What's In Store

Why It’s Time to Stop Thinking of Advertising as a Zero-Sum Game - NCSolutions

Written by Tom Eaton SVP Programmatic & TV Solutions | Mar 8, 2019 5:00:00 AM

By Tom Eaton, SVP, Programmatic & TV Solutions

For the last two decades, traditional and digital media have been locked in a battle over advertising dollars. Recent evidence suggests David is now Goliath. For the first time, advertisers will spend more on digital advertising than on traditional media such as TV, radio and newspapers.

This shift won’t surprise anyone in the industry.
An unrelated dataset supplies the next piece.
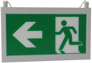 Zubehör für Leuchtentyp GuideLed 10x21 bis 10x24: Piktogrammscheibe, Pfeil links/blind gem. ISO 7010, inkl. LEDs. Ausführung: sonstige Bedeutung des Piktogramms: Rettungsweg Doppelseitig: Ja
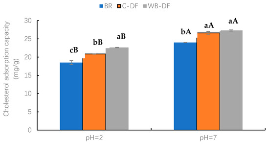 Cholesterol adsorption capacity of BR, C-DF, and WB-DF. BR: blueberry residue; C-DF: cross-linked dietary fiber of blueberry residue; WB-DF: wet ball-milled dietary fiber of blueberry residue. Means with different lowercase letters (a–c) above each group of bars (within the same group) indicate significant differences (p ≤ 0.05). Means with different uppercase letters (A–B) above each type of treatment (between groups) are significantly different (p ≤ 0.05).

But advertising isn’t a zero-sum game, and there’s still quite a bit of room for TV. We need to talk more about the much bigger change happening underfoot that will deliver better advertising effectiveness and stronger brand growth across all media.

To understand where we’re heading, it helps to understand the seismic changes in the industry. When digital advertising emerged in the late 90’s, digital clients wanted a piece of the TV budgets. Just a couple of years ago, positions started to reverse, and it was the TV clients who asked for help in winning budgets earmarked for Facebook and YouTube.

At the same time, though, TV and digital began to acquire traits from each other.

Broadcast and cable TV networks know content. They live and die by it. In the past, brand marketers would fight over the shows in an upfront package. All discussion centered on the audience composition of a specific program.

But then digital came along and challenged that notion. It made finding the right audience based on specific criteria such as location, preferences and purchase intent possible.

Today – largely driven by the capabilities of digital – brand marketers care about finding and reaching their audience. But they also want to do so without giving up premium content. With addressable TV and OTT services, they’re now able to target specific consumers in TV content just as they do in digital.

Yet, however audiences are identified – by lifestyle, broad demographics or in-store purchase behavior – the conversation is shifting from content to audience. That’s why so many in the network world have created new platforms like Engage, Ignite, Audience Studio, Precision and Agility.

Both paradigms are right.

Viewers are still drawn to premium, long-form content or live sporting events. Just look at the continued loyalty to Netflix. In fact, TV shows remain the most viewed content. That’s why Netflix paid $100 million to keep the rights to stream episodes of Friends. And that was just for one year!

But audience is critically important. Brand marketers especially want the ability to reach specific consumers who are most likely to buy a product or service.

What this means is that the divide between the traditional linear TV ecosystem and the digital ecosystem is disappearing. Brand marketers still fight over the shows in an upfront package. But the difference today is that they also want to find and reach the right audience for their brand and – as consumers now have the ability to watch on any device, at any time and any place – anywhere their customers are.

It’s time to recognize that the real opportunity is in using both of these strategies together. That it’s no longer a zero-sum game.

When we approach brand objectives strategically using a combined lens – TV (content) and digital (audience) – we are better able to help clients target, optimize and measure the sales of their advertising and drive the growth of their brands. Even though the two seem at odds, better advertising results from using these strategies together.

The news today might be about David knocking Goliath, but the new frontier is a cross-platform approach to advertising that is seamless, consistent and personalized. This is the kind of experience consumers expect. It’s a new game, and it’s already underway.